Take the material below and extract the lines from the one with "По преданию, обвинённая" through the one with "奔富股份在3.15再度獲得中", word for word, without pictures.
(Beginning of DATA SECTION)
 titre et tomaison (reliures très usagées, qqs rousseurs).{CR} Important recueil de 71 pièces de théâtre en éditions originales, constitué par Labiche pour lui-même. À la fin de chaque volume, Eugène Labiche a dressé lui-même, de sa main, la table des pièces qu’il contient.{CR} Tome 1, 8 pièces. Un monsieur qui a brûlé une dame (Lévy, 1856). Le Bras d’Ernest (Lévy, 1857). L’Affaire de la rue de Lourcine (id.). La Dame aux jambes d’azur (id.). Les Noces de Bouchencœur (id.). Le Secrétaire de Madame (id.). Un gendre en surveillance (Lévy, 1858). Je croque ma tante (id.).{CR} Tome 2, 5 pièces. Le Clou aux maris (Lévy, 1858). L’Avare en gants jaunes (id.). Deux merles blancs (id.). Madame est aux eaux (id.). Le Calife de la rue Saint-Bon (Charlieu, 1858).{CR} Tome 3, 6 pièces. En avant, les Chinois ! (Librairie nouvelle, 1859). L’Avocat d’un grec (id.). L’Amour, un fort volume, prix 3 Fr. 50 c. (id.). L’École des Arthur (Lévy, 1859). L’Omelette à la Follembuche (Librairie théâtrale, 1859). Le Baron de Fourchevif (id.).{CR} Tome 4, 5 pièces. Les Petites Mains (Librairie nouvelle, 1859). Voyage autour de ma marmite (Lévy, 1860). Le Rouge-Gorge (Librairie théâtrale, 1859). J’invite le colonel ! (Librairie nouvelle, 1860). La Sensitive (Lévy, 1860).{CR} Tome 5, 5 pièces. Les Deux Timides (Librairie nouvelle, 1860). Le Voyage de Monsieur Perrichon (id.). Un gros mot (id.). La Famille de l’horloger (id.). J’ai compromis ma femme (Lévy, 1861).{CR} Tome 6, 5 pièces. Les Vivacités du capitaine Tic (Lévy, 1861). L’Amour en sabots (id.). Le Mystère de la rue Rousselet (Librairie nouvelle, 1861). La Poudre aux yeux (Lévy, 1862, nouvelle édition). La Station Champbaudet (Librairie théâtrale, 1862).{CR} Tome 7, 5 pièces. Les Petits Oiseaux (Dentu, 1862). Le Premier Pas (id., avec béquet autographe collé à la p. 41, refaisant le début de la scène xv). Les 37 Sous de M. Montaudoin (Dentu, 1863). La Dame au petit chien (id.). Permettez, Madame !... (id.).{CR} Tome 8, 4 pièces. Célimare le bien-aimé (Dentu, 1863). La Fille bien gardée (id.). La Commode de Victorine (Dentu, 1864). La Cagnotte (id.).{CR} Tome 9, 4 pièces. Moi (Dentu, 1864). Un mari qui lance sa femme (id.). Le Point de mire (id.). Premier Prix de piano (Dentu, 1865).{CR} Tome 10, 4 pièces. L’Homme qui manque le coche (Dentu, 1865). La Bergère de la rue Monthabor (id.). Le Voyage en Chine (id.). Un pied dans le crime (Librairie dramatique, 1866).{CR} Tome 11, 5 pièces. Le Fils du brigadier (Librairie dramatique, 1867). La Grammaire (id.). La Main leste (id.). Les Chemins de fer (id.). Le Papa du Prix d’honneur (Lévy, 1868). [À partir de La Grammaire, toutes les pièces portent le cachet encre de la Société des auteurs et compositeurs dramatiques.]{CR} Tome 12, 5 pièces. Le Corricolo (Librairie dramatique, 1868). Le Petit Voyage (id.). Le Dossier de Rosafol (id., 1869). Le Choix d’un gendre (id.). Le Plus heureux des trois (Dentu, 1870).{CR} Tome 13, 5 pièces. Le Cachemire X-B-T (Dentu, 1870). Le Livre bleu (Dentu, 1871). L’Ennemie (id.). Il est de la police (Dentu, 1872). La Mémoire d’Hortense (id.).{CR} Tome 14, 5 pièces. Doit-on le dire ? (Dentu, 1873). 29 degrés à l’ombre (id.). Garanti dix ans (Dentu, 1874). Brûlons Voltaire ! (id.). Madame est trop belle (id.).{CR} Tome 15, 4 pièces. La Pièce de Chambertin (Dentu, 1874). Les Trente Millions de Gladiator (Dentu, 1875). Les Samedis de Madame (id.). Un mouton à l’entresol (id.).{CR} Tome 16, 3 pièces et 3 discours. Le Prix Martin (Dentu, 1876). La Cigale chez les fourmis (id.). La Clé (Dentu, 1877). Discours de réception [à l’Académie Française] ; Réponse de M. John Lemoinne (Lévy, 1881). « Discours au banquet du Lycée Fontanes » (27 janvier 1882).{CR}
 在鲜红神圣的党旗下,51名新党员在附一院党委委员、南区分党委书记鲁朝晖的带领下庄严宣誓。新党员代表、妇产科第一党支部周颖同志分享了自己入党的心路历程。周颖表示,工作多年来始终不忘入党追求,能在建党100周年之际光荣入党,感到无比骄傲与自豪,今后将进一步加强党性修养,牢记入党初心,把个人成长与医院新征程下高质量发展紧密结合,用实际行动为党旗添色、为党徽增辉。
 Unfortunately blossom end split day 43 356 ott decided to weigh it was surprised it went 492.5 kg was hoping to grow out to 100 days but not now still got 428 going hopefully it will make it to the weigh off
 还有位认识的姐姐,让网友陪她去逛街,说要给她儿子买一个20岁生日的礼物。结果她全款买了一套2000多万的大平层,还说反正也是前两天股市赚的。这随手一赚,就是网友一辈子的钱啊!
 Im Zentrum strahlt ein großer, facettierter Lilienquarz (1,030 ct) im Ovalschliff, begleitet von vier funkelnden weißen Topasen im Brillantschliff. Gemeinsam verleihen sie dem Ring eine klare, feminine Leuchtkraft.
(End of DATA SECTION)
(Beginning of DATA SECTION)
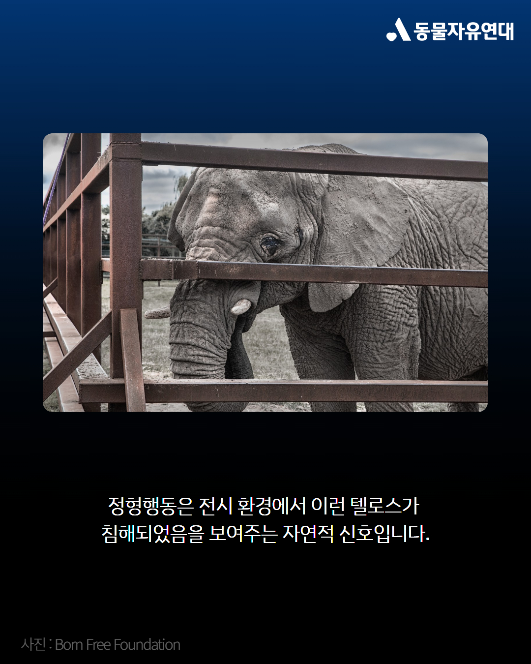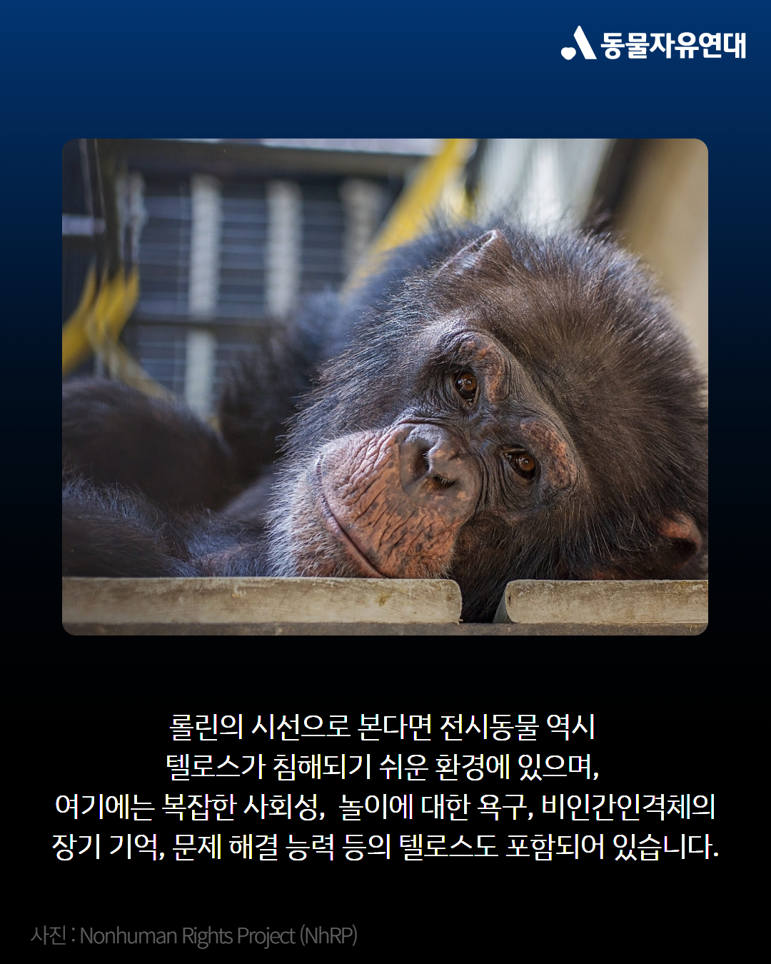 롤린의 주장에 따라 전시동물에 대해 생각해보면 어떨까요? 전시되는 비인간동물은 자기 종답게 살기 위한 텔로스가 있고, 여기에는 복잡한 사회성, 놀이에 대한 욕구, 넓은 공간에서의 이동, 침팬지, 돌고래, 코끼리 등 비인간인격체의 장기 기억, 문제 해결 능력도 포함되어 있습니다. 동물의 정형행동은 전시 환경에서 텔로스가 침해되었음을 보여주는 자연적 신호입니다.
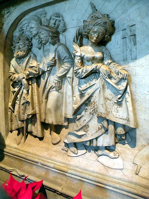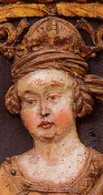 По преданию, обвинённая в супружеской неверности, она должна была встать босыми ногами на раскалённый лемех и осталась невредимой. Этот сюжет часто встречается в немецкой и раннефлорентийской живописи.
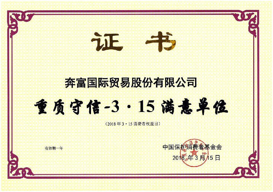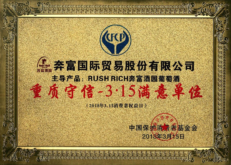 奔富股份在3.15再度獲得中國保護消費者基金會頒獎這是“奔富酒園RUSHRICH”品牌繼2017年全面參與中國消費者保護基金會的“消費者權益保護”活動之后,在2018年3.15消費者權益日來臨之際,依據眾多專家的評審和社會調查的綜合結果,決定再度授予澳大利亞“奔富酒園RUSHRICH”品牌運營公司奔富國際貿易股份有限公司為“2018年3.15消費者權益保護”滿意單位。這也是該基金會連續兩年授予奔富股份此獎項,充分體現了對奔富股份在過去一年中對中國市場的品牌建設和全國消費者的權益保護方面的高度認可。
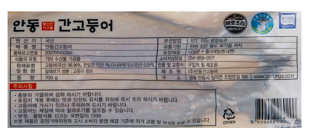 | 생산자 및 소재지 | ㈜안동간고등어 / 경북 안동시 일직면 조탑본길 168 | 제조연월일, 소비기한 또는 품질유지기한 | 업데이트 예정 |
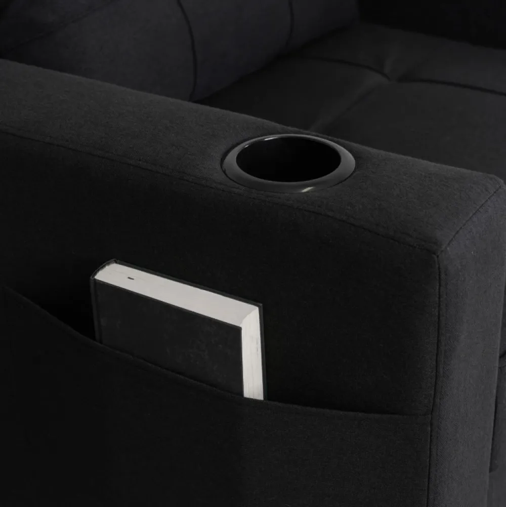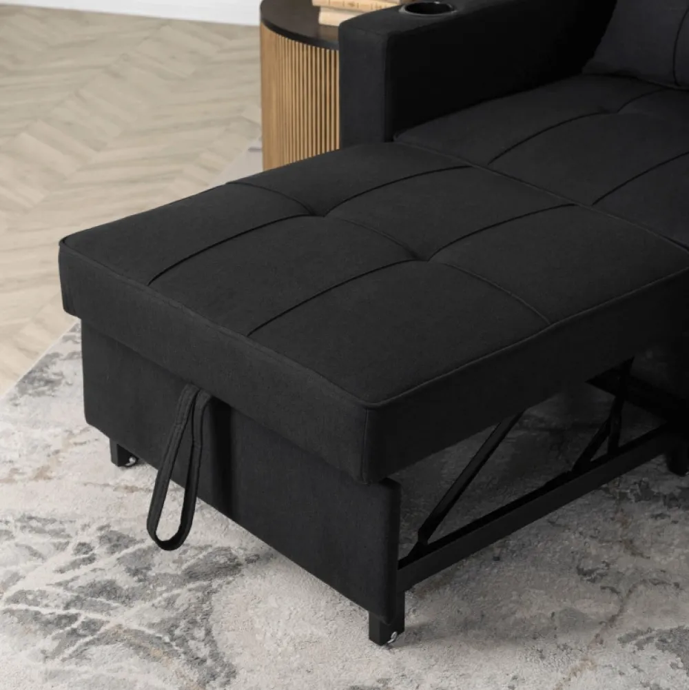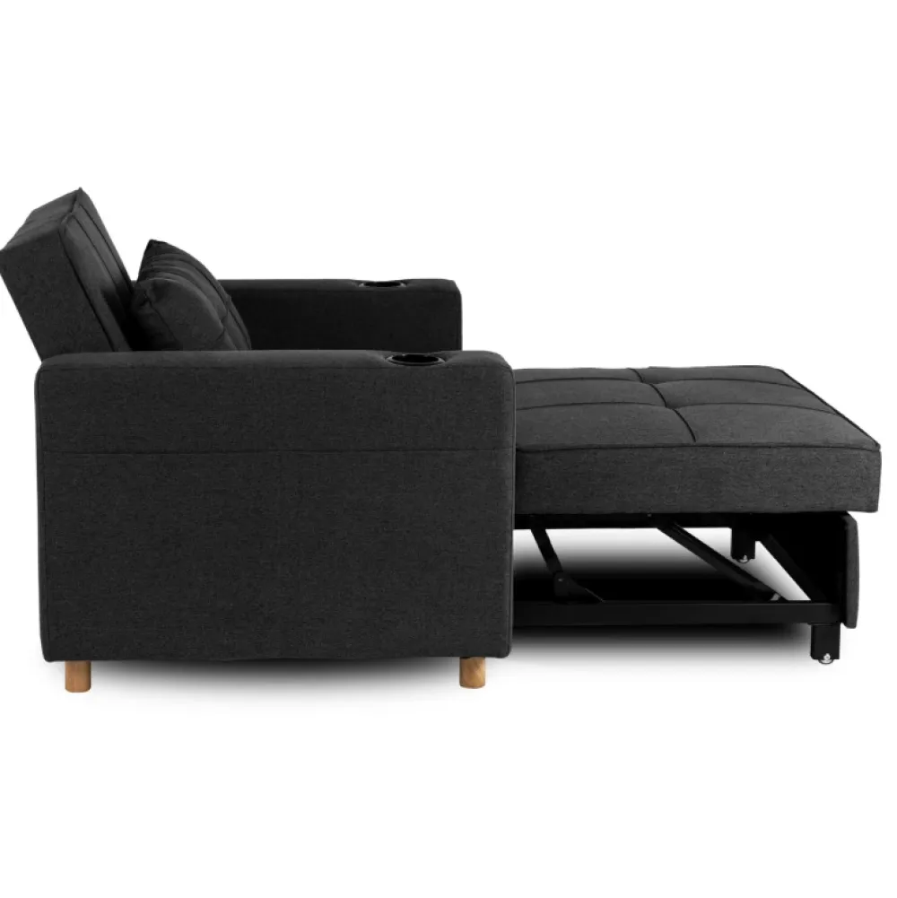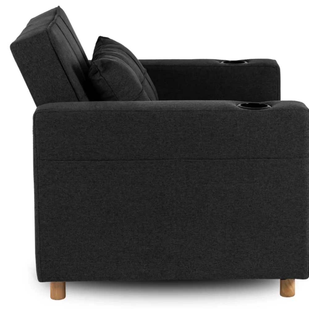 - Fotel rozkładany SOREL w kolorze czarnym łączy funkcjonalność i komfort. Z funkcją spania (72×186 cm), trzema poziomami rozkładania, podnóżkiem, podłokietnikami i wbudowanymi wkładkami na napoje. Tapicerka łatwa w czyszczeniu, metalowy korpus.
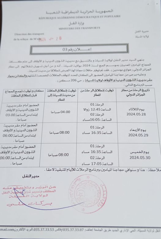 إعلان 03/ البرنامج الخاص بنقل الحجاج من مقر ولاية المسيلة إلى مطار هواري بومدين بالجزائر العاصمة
(End of DATA SECTION)
(Beginning of DATA SECTION)
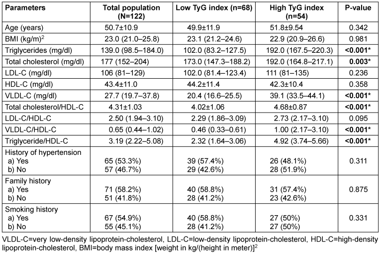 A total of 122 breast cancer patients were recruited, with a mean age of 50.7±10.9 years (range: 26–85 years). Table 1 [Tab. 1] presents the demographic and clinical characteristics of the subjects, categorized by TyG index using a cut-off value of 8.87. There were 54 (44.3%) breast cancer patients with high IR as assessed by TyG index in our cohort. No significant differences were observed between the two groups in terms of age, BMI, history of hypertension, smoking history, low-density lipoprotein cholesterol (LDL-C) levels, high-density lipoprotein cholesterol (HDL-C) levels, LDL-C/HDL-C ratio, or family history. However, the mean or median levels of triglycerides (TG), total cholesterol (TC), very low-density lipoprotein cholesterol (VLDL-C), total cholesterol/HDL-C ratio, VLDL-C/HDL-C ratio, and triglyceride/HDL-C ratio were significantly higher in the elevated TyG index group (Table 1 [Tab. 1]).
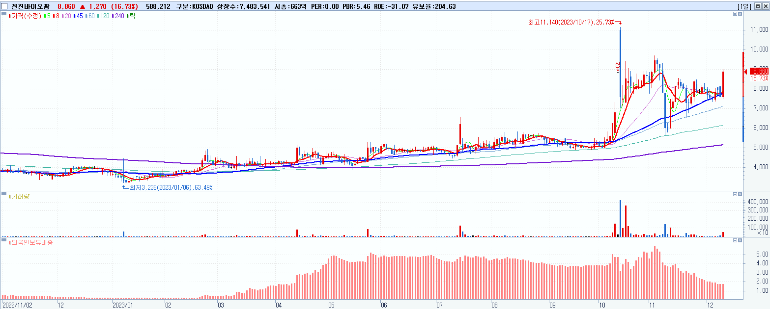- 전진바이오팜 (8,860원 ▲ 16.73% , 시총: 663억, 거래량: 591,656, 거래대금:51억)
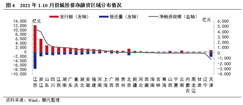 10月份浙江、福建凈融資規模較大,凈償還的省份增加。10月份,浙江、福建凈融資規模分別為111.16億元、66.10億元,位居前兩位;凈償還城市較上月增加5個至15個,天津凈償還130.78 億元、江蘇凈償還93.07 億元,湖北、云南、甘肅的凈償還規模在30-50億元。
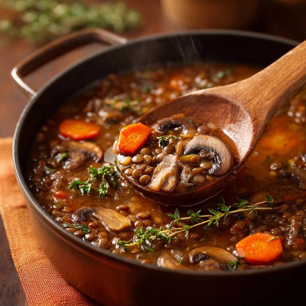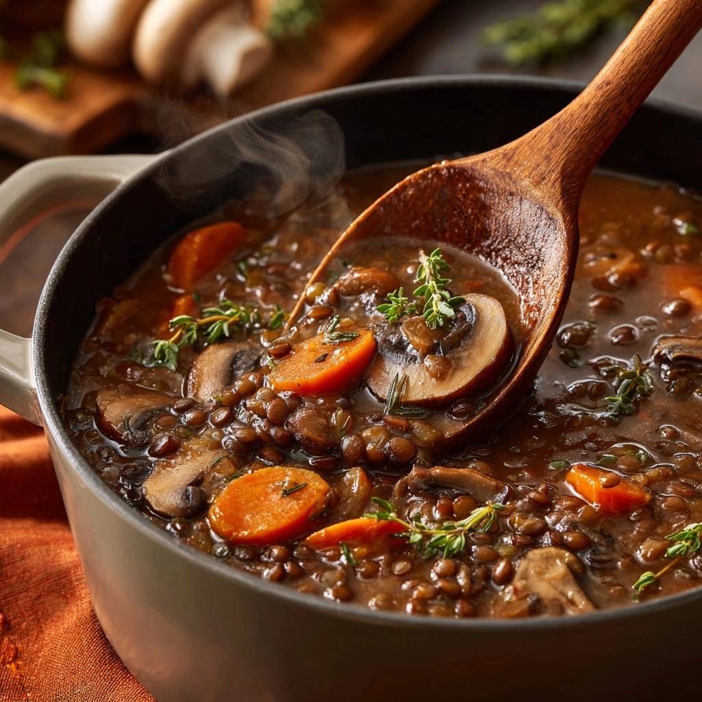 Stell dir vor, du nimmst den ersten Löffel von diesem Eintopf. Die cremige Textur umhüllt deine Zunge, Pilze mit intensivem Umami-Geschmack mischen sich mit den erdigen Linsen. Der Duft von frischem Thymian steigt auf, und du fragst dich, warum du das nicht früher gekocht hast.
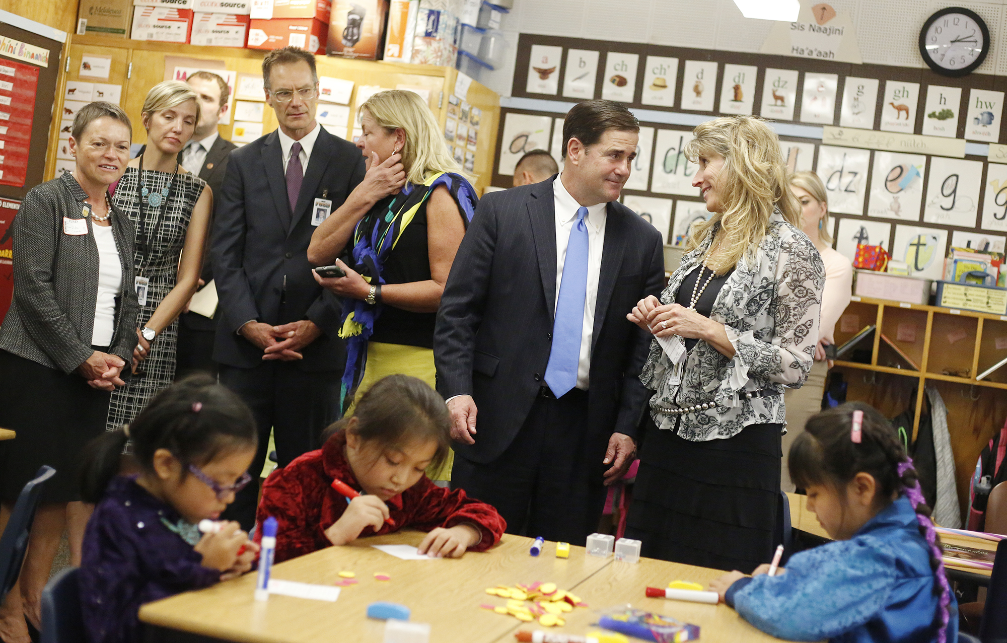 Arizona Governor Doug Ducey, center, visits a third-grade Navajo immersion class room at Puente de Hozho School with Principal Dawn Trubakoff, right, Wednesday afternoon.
(End of DATA SECTION)
■ RESULT OF THE EXERCISE
 По преданию, обвинённая в супружеской неверности, она должна была встать босыми ногами на раскалённый лемех и осталась невредимой. Этот сюжет часто встречается в немецкой и раннефлорентийской живописи.
 奔富股份在3.15再度獲得中國保護消費者基金會頒獎這是“奔富酒園RUSHRICH”品牌繼2017年全面參與中國消費者保護基金會的“消費者權益保護”活動之后,在2018年3.15消費者權益日來臨之際,依據眾多專家的評審和社會調查的綜合結果,決定再度授予澳大利亞“奔富酒園RUSHRICH”品牌運營公司奔富國際貿易股份有限公司為“2018年3.15消費者權益保護”滿意單位。這也是該基金會連續兩年授予奔富股份此獎項,充分體現了對奔富股份在過去一年中對中國市場的品牌建設和全國消費者的權益保護方面的高度認可。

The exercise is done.